A critic from TV9 Telugu found the story, cinematography, and a few twists of the film to be positives, while the screenplay and illogical scenes were the negatives. With similar criticisms, the critics of News18 Telugu and Asianet News Telugu rated the film 2/5. A critic from Sakshi wrote that the story is interesting, but the way it's narrated on screen falls flat.
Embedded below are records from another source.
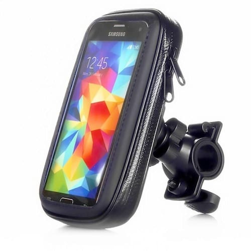 Material: material sintético e plástico Rotação em 360° Abertura do suporte: Até 27mm verifique a espessura do guidão Acompanha 2 espumas removíveis que servem para que o celular se encaixe perfeitamente na capa. Altura máxima permitida do celular: 14,50 cm Conteúdo da Embalagem: 01 Capa protetora para celular e gps 01 Suporte Bike / Moto Marca: Não Informado
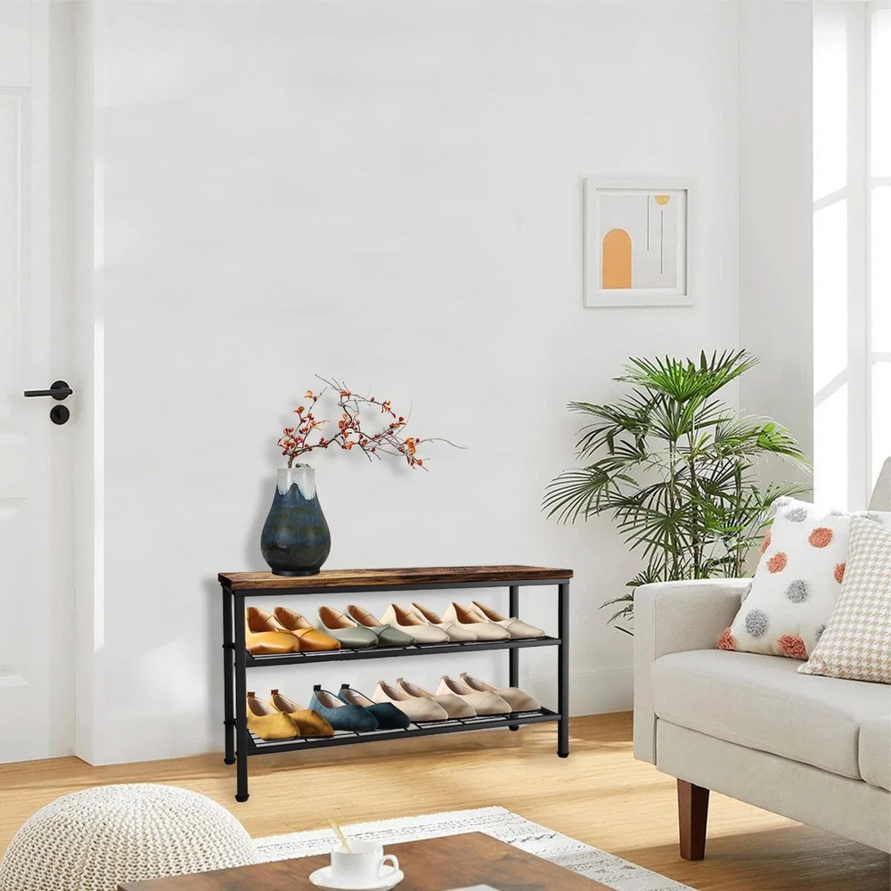 1. This shoe rack is a game-changer! The sturdy metal frame and wood top make it super durable, and the 3-tier design saves so much space. Perfect for shoes, books, or even plants—it’s stylish and functional. Love how it doubles as a bench too! Highly recommend for any home.
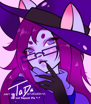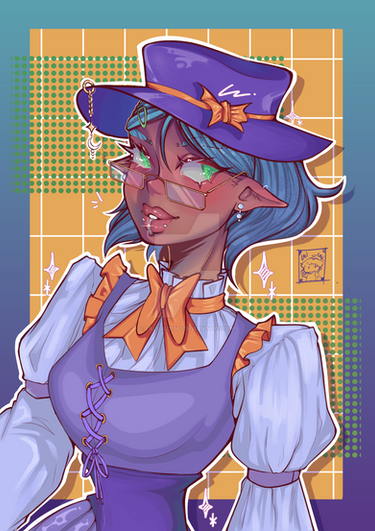 #witch #clothes #commission #earrings #female #glasses #hat #human #humanoid #icon #lipstick #octopus #purple #safe #sfw #spud #squid #half_body #pointy_ears

A critic from Dinamalar rated the film 2.25/5, writing that it could've worked if the script had been written better. The critic also criticized Havish for his facial expressions remaining almost the same in all scenes. A critic from Samayam rated the film 2/5, pointing out the dubbing issues in the Tamil version and the film's screenplay being dragged, which they found unusual for a thriller film. The critic praised the performances of Rahman and Regina Cassandra, which they found were the only relief in the film.